Supplied records ::
Segment Open

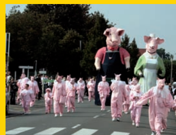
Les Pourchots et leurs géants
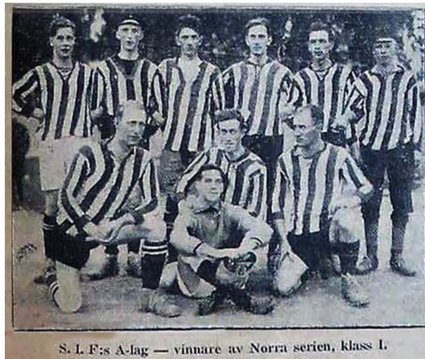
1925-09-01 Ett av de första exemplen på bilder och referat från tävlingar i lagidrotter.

Segment Closed
Segment Open

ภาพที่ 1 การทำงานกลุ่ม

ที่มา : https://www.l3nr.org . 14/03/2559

Segment Closed

Take the records above and return, word for word, only the lines that fall from the line with "ภาพที่ 1 การทำงานกลุ่ม" to the line with "ที่มา : https://www.l3nr.org . 14/03/2559", both of them included.

Exercise result ::
ภาพที่ 1 การทำงานกลุ่ม

ที่มา : https://www.l3nr.org . 14/03/2559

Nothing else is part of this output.